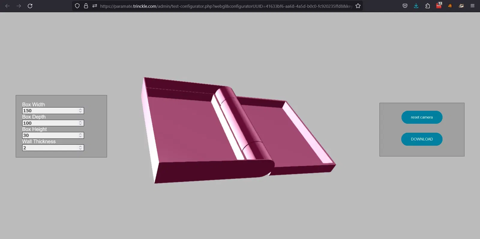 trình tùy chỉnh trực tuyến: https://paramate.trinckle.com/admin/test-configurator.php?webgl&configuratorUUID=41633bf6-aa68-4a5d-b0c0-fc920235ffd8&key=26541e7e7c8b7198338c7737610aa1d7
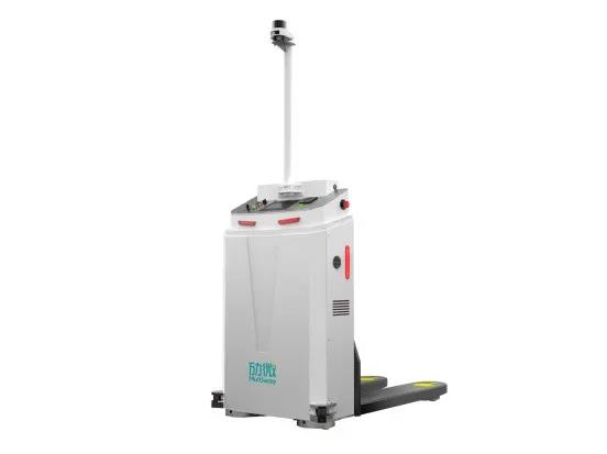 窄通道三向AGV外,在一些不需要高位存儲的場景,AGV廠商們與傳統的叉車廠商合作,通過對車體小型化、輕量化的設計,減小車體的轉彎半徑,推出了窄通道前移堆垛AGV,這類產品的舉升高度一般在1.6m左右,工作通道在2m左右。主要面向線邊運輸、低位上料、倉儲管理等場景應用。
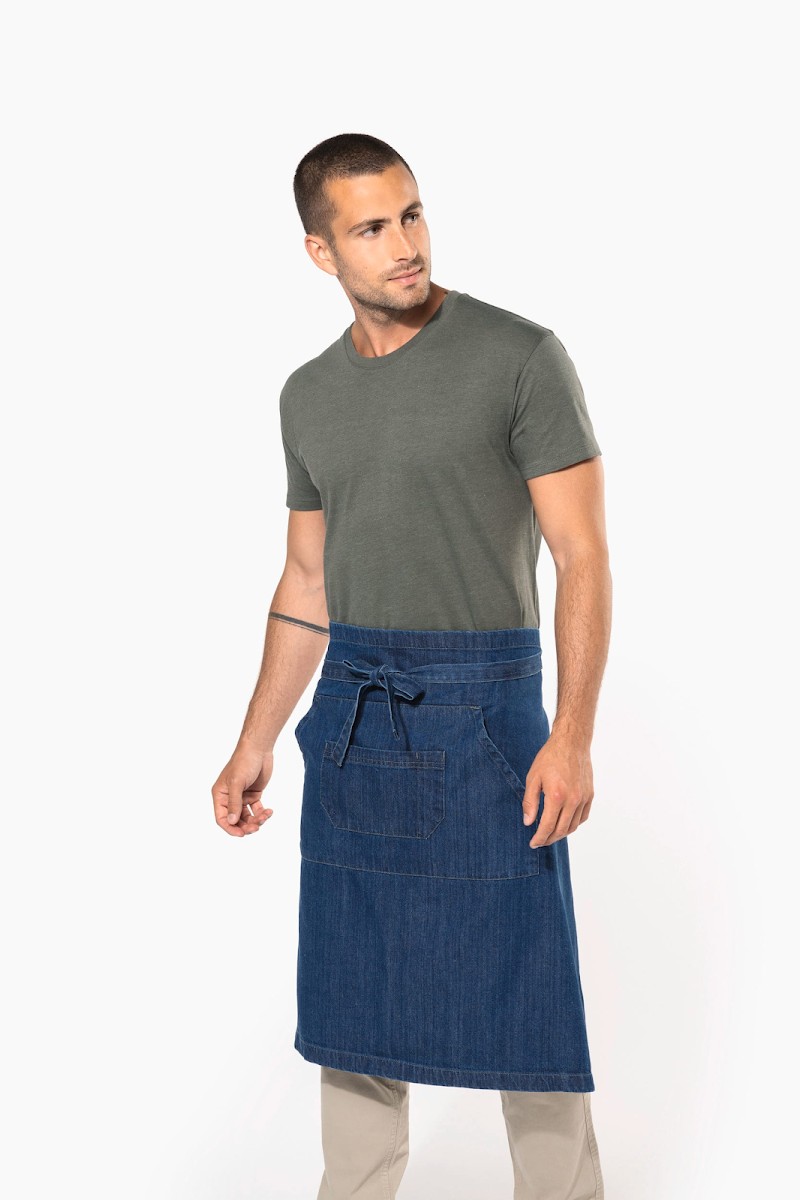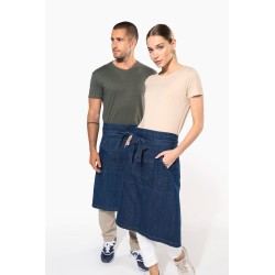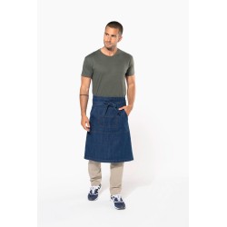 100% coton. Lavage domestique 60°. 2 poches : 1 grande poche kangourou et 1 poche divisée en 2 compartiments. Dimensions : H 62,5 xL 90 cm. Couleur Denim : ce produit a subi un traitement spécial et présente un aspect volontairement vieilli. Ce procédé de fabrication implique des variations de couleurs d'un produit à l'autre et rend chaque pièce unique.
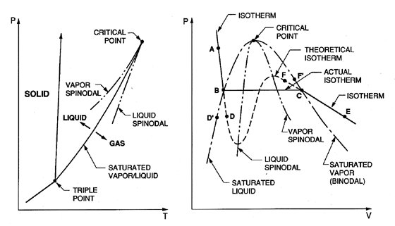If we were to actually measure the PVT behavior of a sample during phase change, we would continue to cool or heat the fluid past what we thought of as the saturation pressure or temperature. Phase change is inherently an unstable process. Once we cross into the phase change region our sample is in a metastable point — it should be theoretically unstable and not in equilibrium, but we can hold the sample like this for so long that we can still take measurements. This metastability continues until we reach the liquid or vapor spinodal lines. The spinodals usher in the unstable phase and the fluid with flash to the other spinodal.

▶ Exercise goal:
Reproduce the material above exactly, first line through the line that contains "100% coton. Lavage", minus the pictures.

▶ Answer box:
 trình tùy chỉnh trực tuyến: https://paramate.trinckle.com/admin/test-configurator.php?webgl&configuratorUUID=41633bf6-aa68-4a5d-b0c0-fc920235ffd8&key=26541e7e7c8b7198338c7737610aa1d7
 窄通道三向AGV外,在一些不需要高位存儲的場景,AGV廠商們與傳統的叉車廠商合作,通過對車體小型化、輕量化的設計,減小車體的轉彎半徑,推出了窄通道前移堆垛AGV,這類產品的舉升高度一般在1.6m左右,工作通道在2m左右。主要面向線邊運輸、低位上料、倉儲管理等場景應用。
 100% coton. Lavage domestique 60°. 2 poches : 1 grande poche kangourou et 1 poche divisée en 2 compartiments. Dimensions : H 62,5 xL 90 cm. Couleur Denim : ce produit a subi un traitement spécial et présente un aspect volontairement vieilli. Ce procédé de fabrication implique des variations de couleurs d'un produit à l'autre et rend chaque pièce unique.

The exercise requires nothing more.